At Porthstinian none of the little Ramsey ferries was venturing across the rough water, nor any dare-devil small boats going out over the Bitches. Crossing over the set of cables used for getting supplies to the precipitous Lifeboat Station, the path winds its way round yet another head (Point St John) and into Porth Mawr bay, at last sheltered from the insistent wind.

Ahead rears the landmark of Carn Llidi - not quite a mountain, but just as charasmatic - which I'd seen all the way back from Martin's Haven, across St Bride's Bay. In the shelter of Porth Mawr bay lie two large sandy beaches. At the first, Porthselau, a group of children had built a huge sandcastle - probably about 3ft tall and one boy was being king of it.

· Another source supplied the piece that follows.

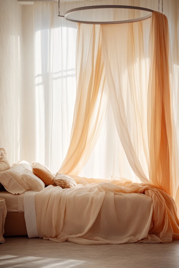 Picture sheer, flowing fabrics in neutral or warm tones cascading from a ceiling-mounted ring or frame. The fabric gently pools around the bed, creating a romantic, castle-like effect. The soft folds catch the light, adding a sense of depth and intimacy. When paired with textured linens and vintage accents, the canopy elevates the entire aesthetic to a luxurious, old-world charm.

By now the path had filled up with walkers and I was having to stop every 100 yards or so to let people past: time for a break at Whitesands beach, in amongst hundreds of beachgoers, surfers, swimmers, dogs and all (mostly out of this picture!).

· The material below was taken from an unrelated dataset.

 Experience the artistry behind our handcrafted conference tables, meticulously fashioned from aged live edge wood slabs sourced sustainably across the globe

The surf was magnificent and I could only admire the surfers who could ride the incoming waves for what seemed like an age.



I followed the path away from Whitesands, past an almost deserted beach at Porthmelgan (no toilets or car park), through a boulder-strewn landscape all the way to Penmaen Dewi (St David's Head), which is a rocky headland, giving an opportunity to wave farewell to Ramsey and Skomer beyond, not to mention the smaller islands a little further out called the Bishops and Clerks - a treacherous area for shipping. In 140AD in a survey of the known world the Romans described Penmaen Dewi as the ‘Promontory of the Eight Perils’.

From an earlier period, Coetan Arthur burial chamber is camouflaged amongst the many boulders. Where there are fewer stones, the heather has spread to make deep purple meadows, but it even makes itself at home on the bare rocks.






The path runs along the length of the base of Carn Llidi, and visible up on the peak there were scores of walkers who had made it to the top.



To my left, the angry Atlantic battered itself against the many cliffs and coves, until I turned a corner and found a rather more sheltered seascape.

I was lucky enough to spot two dolphins or porpoises swimming in one of the less frantic bays along this stretch. This more than justified my recent investment in a pair of binoculars.

My next target was away in the distance: Carn Penberi, another stone-helmeted peak, beyond which lay my car. The guidebook remarked what a pity it was that the walker had to climb over the shoulder of Penberi, and it was indeed a bit like climbing a loft ladder in places.

I was just grateful that the way did not insist that I climb over its head.